I guess it had to happen sooner or later
I just had an email from one Sue Cremer, Personal Assistant at Piper Alderman which promotes itself as the "Best Professional Services Firm in South Australia 2007"
They claim that this posting last year Endangered Species - Australian Yellow Pages infringes their client's trademark by my "use" of their trademark and that the posting might mislead poor widdle you to believe that I have an association with their client, Yellow pages or Sensis.
Now it beats me how I am "using" their trademark beyond "quoting" it in a series of screen shots to demonstrate that their search tools are really not up to snuff. I am certainly not pretending to be a business directory or to provide phone numbers and other details to anyone who uses my site, and if I HAD a business relationship or "association" with the companies I would expect that it would damned quickly have been severed for publicly giving them a zinger.
But I'm always interested in learning something new so here's the challenge; what's their problem?
Oh, and at the end of their pdf attachment they invite me to signal my co-operation by writing the same on the letter and faxing them a copy back. Right, like I'll sign up to fix an unspecified example of an unspecified infringement to satisfy a company that already has more money than god and spends too little of it on putting together a decent web strategy.
Or could it be that they just don't like being criticised and are trying to use an irrelevant piece of law to shut me up? Nah, that would be unprincipled and stupid, I might blog about it, couldn't happen.
Update
This is what they sent
This is what they got back.
Please explain in what way I am infringing the use of the trademark. I am not conducting any business as a telephone book, telephone directory, business directory or any other kind of telephone number search tools, nor am I attempting to pass myself off as the "yellow pages" I do not offer search of the yellow pages or anything like it, nor do I attempt to sell advertising, listing or any other kind of service as yellow pages or anything of that kind.
The page to which you refer is a criticism of the efficacy and adequacy of the Yellow Pages search tools on the date specified and in doing so demonstrates the efficacy by quoting (via screen shot) the points that I wish to make. No reasonable person could possibly mistake my blog for the Yellow Pages and even if they did, could not possibly find any such service there.
Under fair use provisions I am entitled to "quote" from a source and identify that source correctly so that there is no doubt about the point, intention or organisation to which I refer. I do that, and no more.
Furthermore you suggest that my "use" of the trademark Yellow Pages or a mark which is substantially identical or deceptively similar to your clients registered trade marks, infringes your clients trade mark rights.
Can I ask you to be specific please? What "use" of the trademark itself am I making, or is the trademark I am using substantially similar or deceptively similar to your client's? Or perhaps it is all three. Then we come to the term "use". Please be good enough to specify the "use" to which I am putting this actual, or similar or deceptive trademark and whether said trademark is the actual one, or some similar or deceptive one.

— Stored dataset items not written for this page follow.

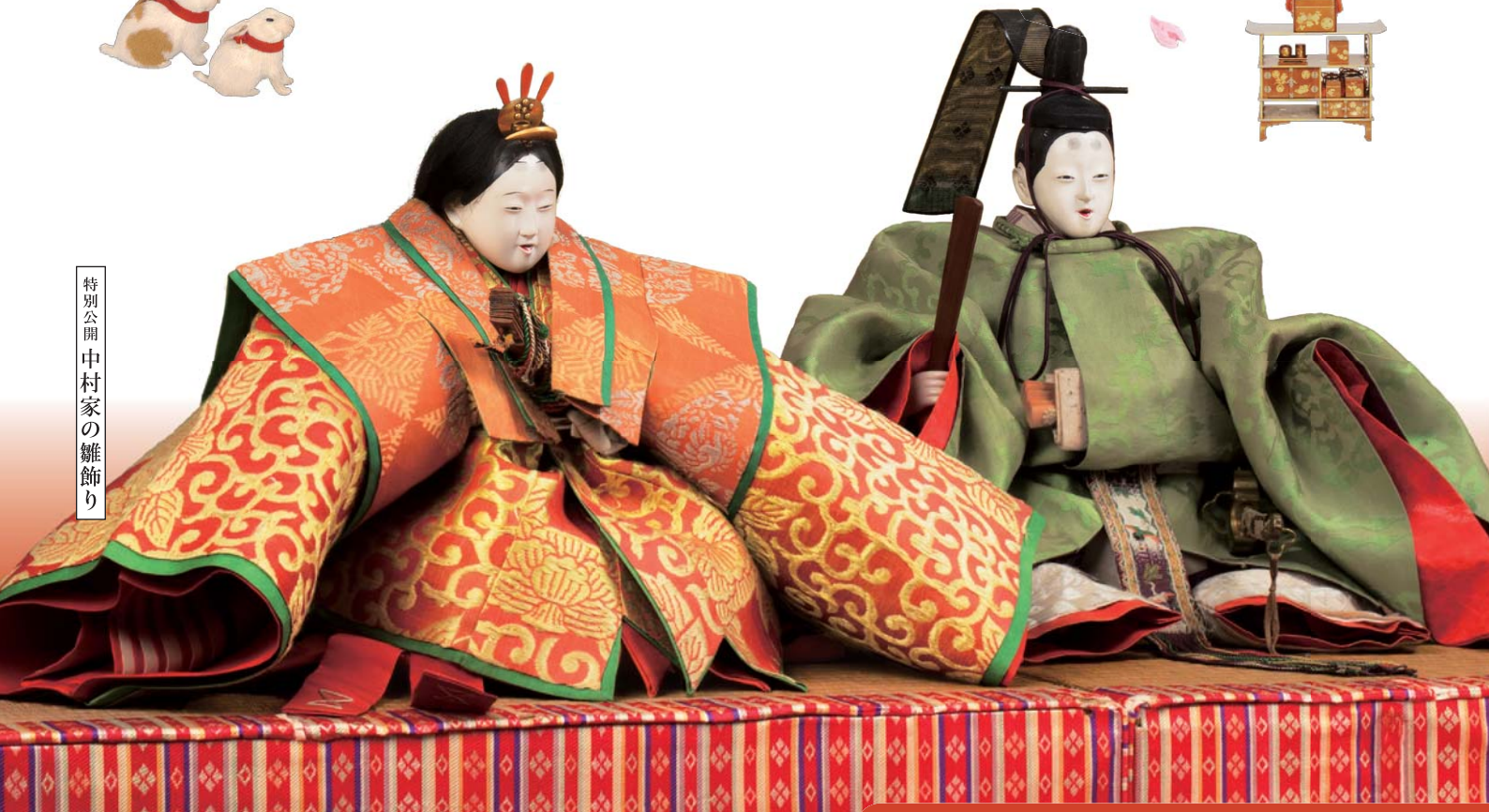
特別公開 中村家の雛飾り
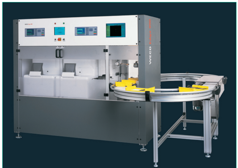
Schleift, bohrt und rillt Brillengläser: der Edge 650 von WECO. Rechts daneben ein großes industrielles Brillenglasrand-Bearbeitungssystem mit maximaler Funktionsausstattung.
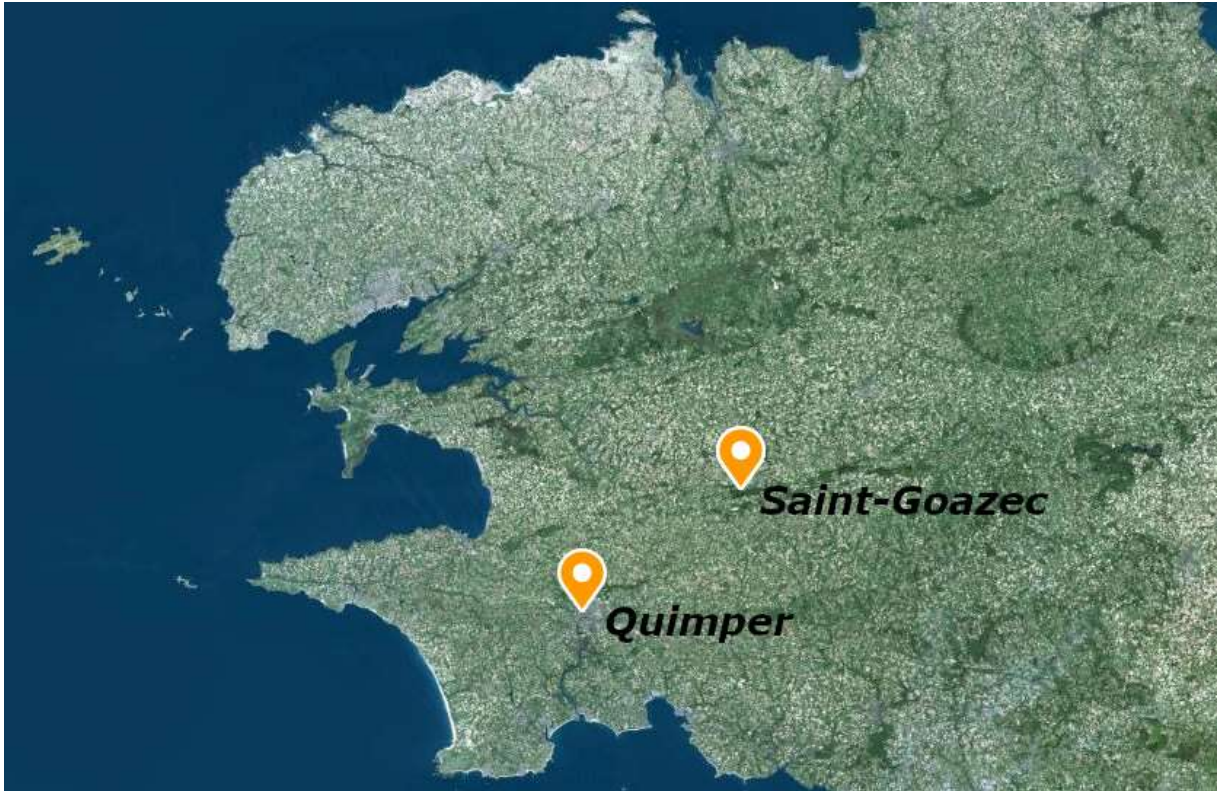
Figure 1 : Carte du Finistère, localisant Quimper et Saint-Goazec. Echelle 1 : 1 091 521

Finally you suggest that such use is "likely to mislead members of the public into believing that there is an association between your organisation and our clients."
I would be fascinated to learn from you the nature of the "association" implied, expressed or entailed in the article to which you refer. Please specify both the kind of association and the specific language used to imply that that would be likely to lead people to that assumption.
Frankly, that is absurd on its face and indicates that you have not bothered to read the article that you refer to. At no point do I claim to have such an association (beyond that of interested user), nor do I hint, imply or invite the reader to assume such a relationship. However, if you can specify the precise language to which you refer I will be more than happy to reconsider.
I am, however, critical of the product/ service being offered by Yellow Pages as inadequate to the environment in which it is being offered. Could it be that your clients are not happy with that criticism and, rather than engage with me about it, or responding to the criticism as they are both entitled and enabled to do in the comments on the posting, they have resorted to using your offices and an irrelevant piece of law in an attempt to intimidate me into shutting up and going away?